In this guide, you'll learn how to use EML with the Discovery flow. By the end, you'll have:
- Sent a Discovery EML to an end user's email inbox.
- Returned a list of Discovered Organizations.
- Authenticated the end user into the desired Organization.
Before you start
In order to complete this guide, you'll need the following:
- A Stytch B2B project.
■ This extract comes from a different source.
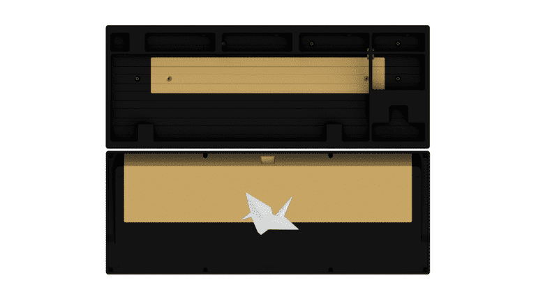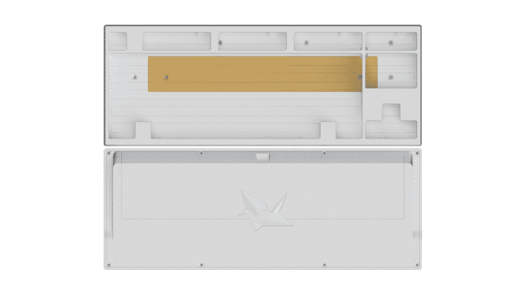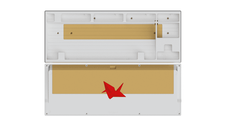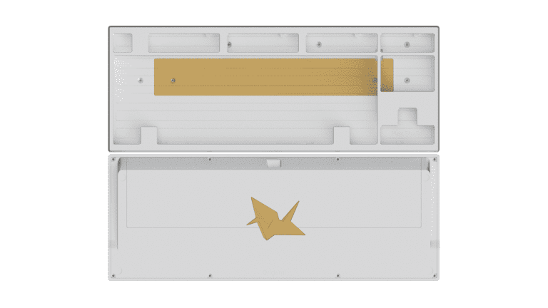 In collaboration between Atelier by Pluskb and Plexkbd Studio, this keyboard design combines a clean and classic aesthetic that I love from a earlier custom keyboard and then adds a modern touch and does not disrupt the classic look itself. The crane weight under this keyboard symbolizes the first Origami model I created when I was 5 years old. Instead of implementing simple engraving like other keyboards do, I incorporated a prismatic design of a crane into the design of the keyboard.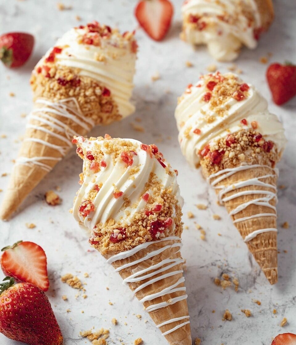 Strawberry Crunch Cheesecake Cones offer a delightful combination of creamy cheesecake, crunchy cookie goodness, and fresh strawberries all nestled in a crisp waffle cone. This fun and elegant treat is perfect for parties or a special dessert that feels both whimsical and indulgent.

If you don't have one already, in the Dashboard, click on your existing project name in the top left corner of the Dashboard, click Create a new project, and then select B2B Authentication.
- The project Test environment's project_id and secret from the API keys section. You'll need to pass these values into the Authorization request header for every Stytch API call.
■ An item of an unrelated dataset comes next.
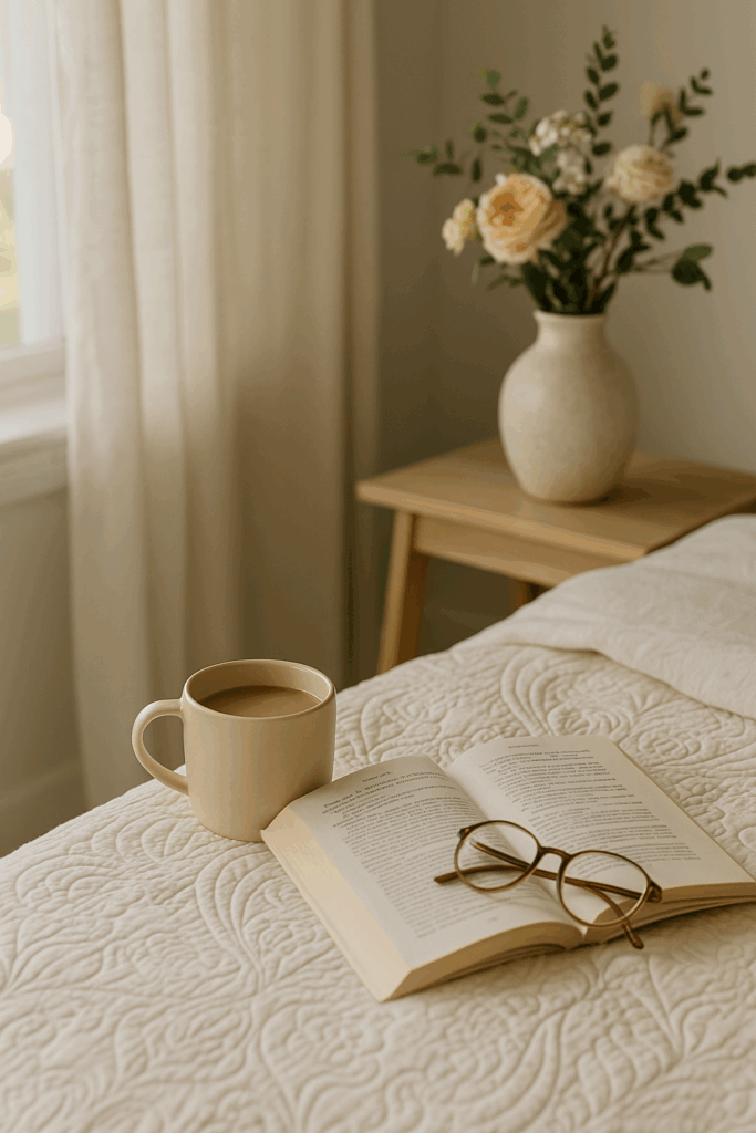 Light something beautiful. A candle, a diffuser, or even opening the blinds to let in the morning light. This small act reminds you that this moment matters.

- An end user who is a Member of multiple Organizations.
Step 1: Add or update redirect URLs in the Dashboard
As a security precaution, we require that you explicitly set URLs in the Redirect URLs section of the Dashboard. End users are always routed to the redirect URLs after clicking an EML.
By default, all new projects have redirect URLs set to http://localhost:3000/authenticate for the Test environment in the Dashboard.
If your project doesn't have a redirect URL or if you need a different URL, click + Create redirect URL and provide a URL for ALL or Discovery
For more information on why this step is necessary, please check out the resource on URL validation.
Step 2: Call the Send Discovery Email endpoint
To call the [Send Discovery Email endpoint]/(docs/b2b/api/send-discovery-email), provide the email_address of the end user in the request's body parameters.
curl --request POST \
--url https://test.stytch.com/v1/b2b/magic_links/email/discovery/send \
-u '{PROJECT_ID}:{SECRET}' \
-H 'Content-Type: application/json' \
-d '{
"email_address": "{EMAIL_ADDRESS}"
}'After a successful API call, an email with the Discovery Magic Link will be sent to the email_address, prompting the end user to log in.
Step 3: Authenticate the Discovery Magic Link
When the end user clicks the signup EML, they will be redirected to the redirect URL you entered into the Dashboard in Step 1. Your application should have a route and page that handles the redirect URL and its query parameters. The full Discovery redirect URL will look like this:
{REDIRECT_URL}?stytch_token_type=discovery&token=IAhgyeXM4VLn7Xyq3nHoxyO4w60vtEwSYCJTwPHtr6rgCall the Authenticate Discovery Magic Link endpoint with the query param token's value.
curl --request POST \
--url https://test.stytch.com/v1/b2b/magic_links/discovery/authenticate \
-u 'PROJECT_ID:SECRET' \
-H 'Content-Type: application/json' \
-d '{
"discovery_magic_links_token": "IAhgyeXM4VLn7Xyq3nHoxyO4w60vtEwSYCJTwPHtr6rg"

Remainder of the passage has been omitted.